Буль сидел у батареи. Он приподнялся, прижался к батарее поясницей вцепился в железные ребра. Сказал незнакомым звенящим голосом:
— Знаю я эти беседы!
— Что ты знаешь, мальчик? — спросила девица-лейтенант голосом кинозвезды, играющей добрую няню.
— Беседы ваши! Там я через полчаса признаюсь в чем угодно! Даже что взорвал торговый центр в Нью-Йорке! И сообщников назову… как те пацаны весной…
— Булыскин! — взвилась завуч.
И тогда вдруг вмешался Дмитрий Витальевич:
— Мне хочется понять, что происходит… — Он сказал это негромко, но отчетливо. И я впервые заметила, что у него веснушки. Он был рыжеватый, но веснушек никогда не было видно, а тут… Наверно, потому, что побледнели щеки.
— Дмитрий Витальевич, я ведь объяснила, — слегка сбавила тон Инна.
— Да, но не совсем понятно… Булыскин — мой ученик. Он сейчас у меня на уроке. Я за него отвечаю. И мне известно также, что детей милиция может допрашивать лишь в присутствии родителей или педагогов…

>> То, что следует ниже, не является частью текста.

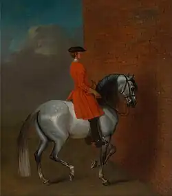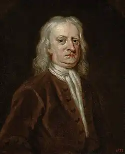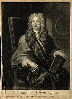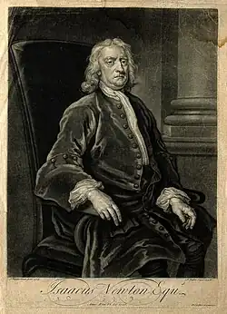 Vanderbank's most characterful and distinguished portraits are generally of the 1720s including the great patron of Handel and of the arts the Duke of Chandos (1722), the two portraits of Sir Isaac Newton (1725 and 1726), the painter George Lambert (untraced but engraved by Faber in 1727), the eccentric Newmarket trainer Tregonwell Frampton (c.1725), the poet James Thomson (1726), and the sculptor John Michael Rysbrack (c.1728). Ellis Waterhouse considered that Vanderbank's masterpiece was the large full-length of Queen Caroline (1736). Vanderbank painted three allegorical subjects incorporating an equestrian portrait of George I for the decoration of the staircase at 11 Bedford Row, London, and contributed The Apotheosis, or, Death of the King (1727) to the series of ten paintings by various artists, including Chéron and Peter Angelis, engraved in 1728 and advertised by John Bowles as Ten Prints of the Reign of King Charles the First. By contrast, some of Vanderbank's later portraits of ‘persons of Quality’, male or female, are technically well painted but can betray a lack of rapport with his sitters and a tendency to rely on stock poses sometimes directly derived from van Dyck. Vertue noted that, like many portraitists of the period, Vanderbank sometimes used the services of the drapery painter Joseph Van Aken from the mid 1730s.[28][29]

— Что вы хотите этим сказать? — вопросила Инна Семеновна. Видимо, от полной растерянности.
— То, что сказал. Пусть сюда придут отец или мать Булыскина или пусть мне назовут конкретного педагога, кто будет присутствовать на протяжении допр… беседы. Лишь при этих условиях, я сочту возможным отпустить мальчика.
— Вы собираетесь диктовать условия сотрудникам милиции? — слегка жеманно поинтересовалась милиционерша.

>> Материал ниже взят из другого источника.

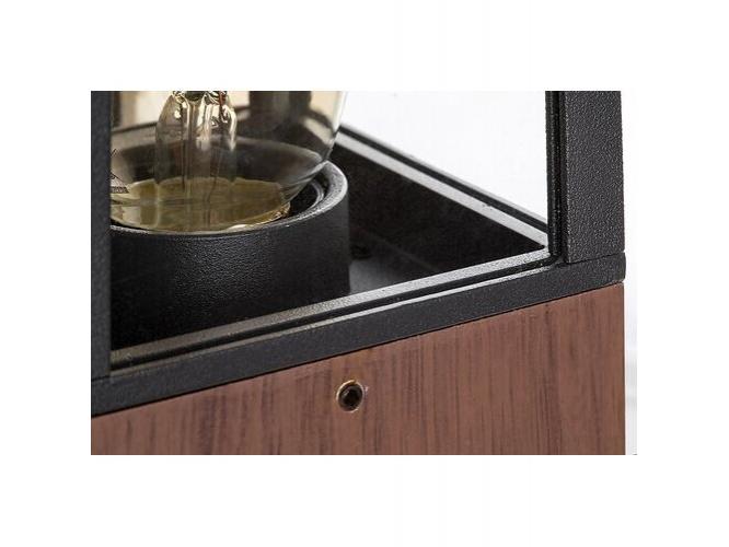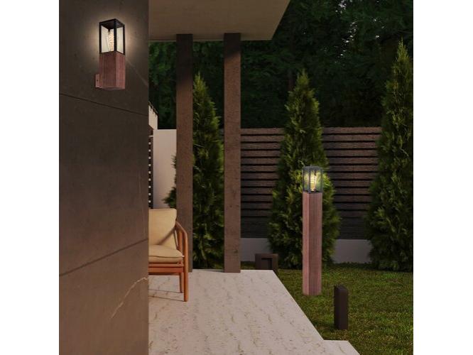 A modern stílusú Wales kültéri fali lámpa különösen jól mutat a teraszon fából készült kiegészítők társaságában. A Wales fa mintázatú alsó részéhez matt fekete kerettel ellátott átlátszó üvegbúra kapcsolódik, a lámpa az alsó részből kinyúló fa mintázatú elem segítségével rögzíthető a falra. Természetesen nemcsak a teraszon, hanem a ház külső falán másutt is felszerelhetjük ezt a modellt: megvilágíthatjuk vele a bejárathoz vezető gyalogutat vagy a kapu környékét. A Wales egy darab legfeljebb 60 W teljesítményű fényforrással használható, a foglalat típusa E27. A kültéri lámpa méretei a következők: magassága 310 mm, faltól mért távolsága 125 mm, beépítési átmérője 65 mm. A lámpa IP44-es védettsége garantálja, hogy legfeljebb 1 mm átmérőjű tárgyak behatolása ellen, valamint bármilyen irányból fröccsenő víz ellen védett. A Wales kültéri fali lámpát fényforrás nélkül szállítjuk.

— Я считаю нужным их напомнить… товарищлейтенант .
Класс, затихнув, слушал эту вежливую перепалку. “Ай да Дима!” У меня тихонько звенело в ушах. И, кажется, во всем теле. Впервые в жизни мне было жаль Буля. Впрочем, дело, конечно же, не в нем! А в дикой несправедливости! Ведь Буль ничего не мог вчера “минировать”! Я уже хотела это крикнуть, но прорезался голос Стаканчика:
— Дмитрий Витальевич, да скажите им! Булыскин же с утра вчера был с нами! А звонили в десять часов!

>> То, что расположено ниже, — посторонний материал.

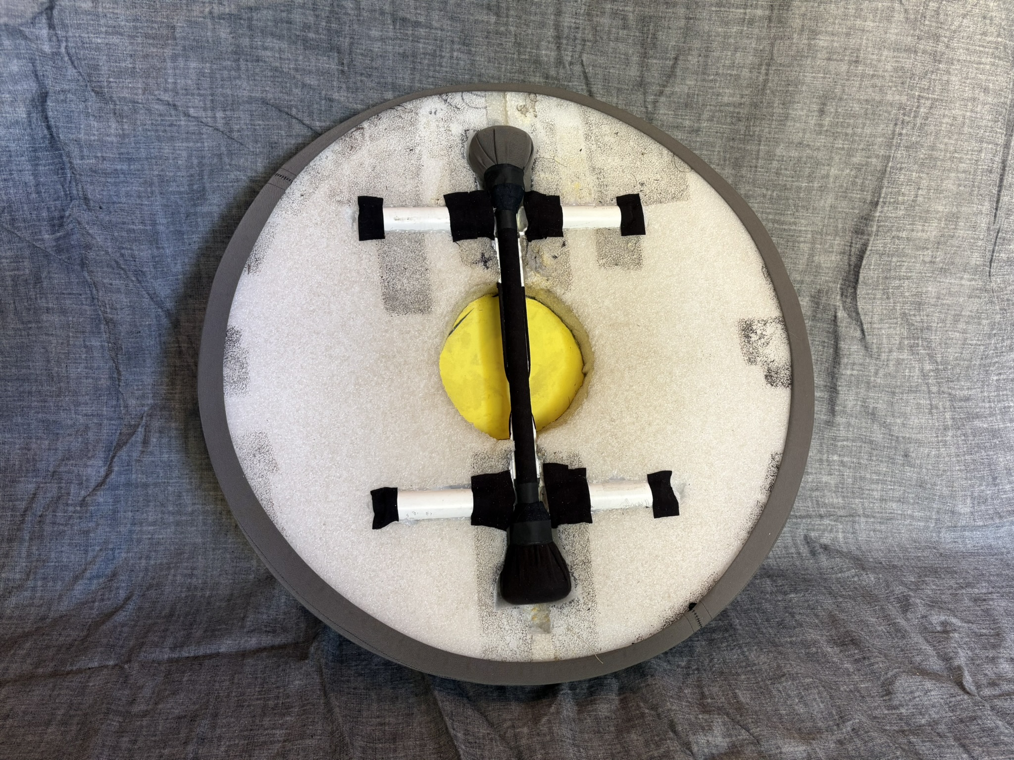 A half-circle PVC handle allows a specially-made dagger to fit in and be removed easily with the thumb and fore-finger.

— Этот аргумент кажется мне тоже весьма важным. Даже определяющим, — согласился наш географ.
— Ничего не определяющим! — громко возразила Инна Семеновна. Даже взвизгнула слегка. — Вы, Дмитрий Витальевич, просто не в курсе! Они теперь звонят с сотовых телефонов! Заимствуют у папочки, уезжают подальше и — нате вам! Посмотрите на эти их дурацкие “лифчики”! Завели моду! Там в карманах наверняка и мобильники, и пейджеры и… не удивлюсь даже, если и пистолет отыщется…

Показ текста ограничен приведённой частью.